Юнги не обратили никакого внимания на моих дочерей. Пашка окинул взглядом свою морскую гвардию и заявил непоколебимо, не допуская возражений:
— Так мы пришли слушать про голубей.
Я уже знал через специальных вестовых, что мальчишек интересует один из фронтовых эпизодов, о котором я как-то упомянул в разговоре.
— Ну что ж, — согласился я. — Расскажу вам о разведчиках Ване и Жене и о голубях, которых они назвали Чук и Гек.
В это время Леночка вошла в комнату с целой грудой блюдечек и чашечек и стала расставлять их возле гостей.
Тогда Пашка сказал ей:
— Иди-ка ты, малявка, в куклы играй. Видишь, люди делом заняты.

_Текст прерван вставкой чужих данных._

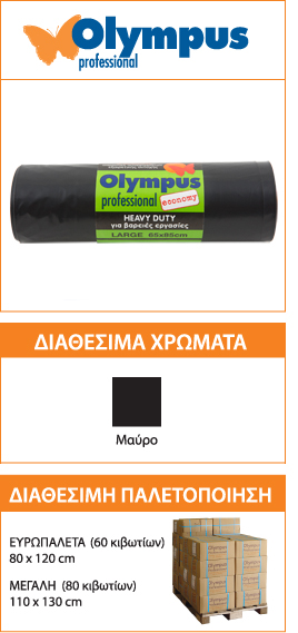 Οι σάκοι απορριμμάτων Olympus Professional χάρη στη μοναδική σύνθεσή τους περιέχουν έως και 50% λιγότερο πλαστικό. Έτσι αφήνουν το μικρότερο δυνατό οικολογικό αποτύπωμα, χωρίς να επηρεάζεται η αντοχή τους.

Леночка пожала плечами, поглядела в потолок и сказала потолку:
— Противные мальчишки.
Из этого нетрудно заключить, что и ей когда-нибудь тоже будет шестнадцать лет.
— Так вот, — начал я, когда в комнате опять воцарилась тишина. — Было это, ребята, в лесах и болотах под Старой Руссой в самый разгар боев. Уже в июле сорок первого года мы остановили здесь врага и, закрепившись, сами стали переходить в контратаки.
В тылу у противника разворачивали боевые действия наши партизаны. Иногда они перебирались через линию фронта и сообщали командованию Красной Армии о силах и намерениях врага.
Однако тогда эта связь была еще плохо налажена — от случая к случаю. Раций многие отряды не имели.
В середине августа командующий одиннадцатой армией получил сведения, что в районе реки Ловать перейдут линию фронта храбрые партизанские разведчики братья Костровы.
Редакция поручила мне встретиться с ними и написать очерк в газету.
Я вышел к Ловати с работниками армейской разведки, очень смелыми и неразговорчивыми людьми, которых давно знал. Оба мои спутника несли по чемоданчику, курили одну папиросу за другой и молчали.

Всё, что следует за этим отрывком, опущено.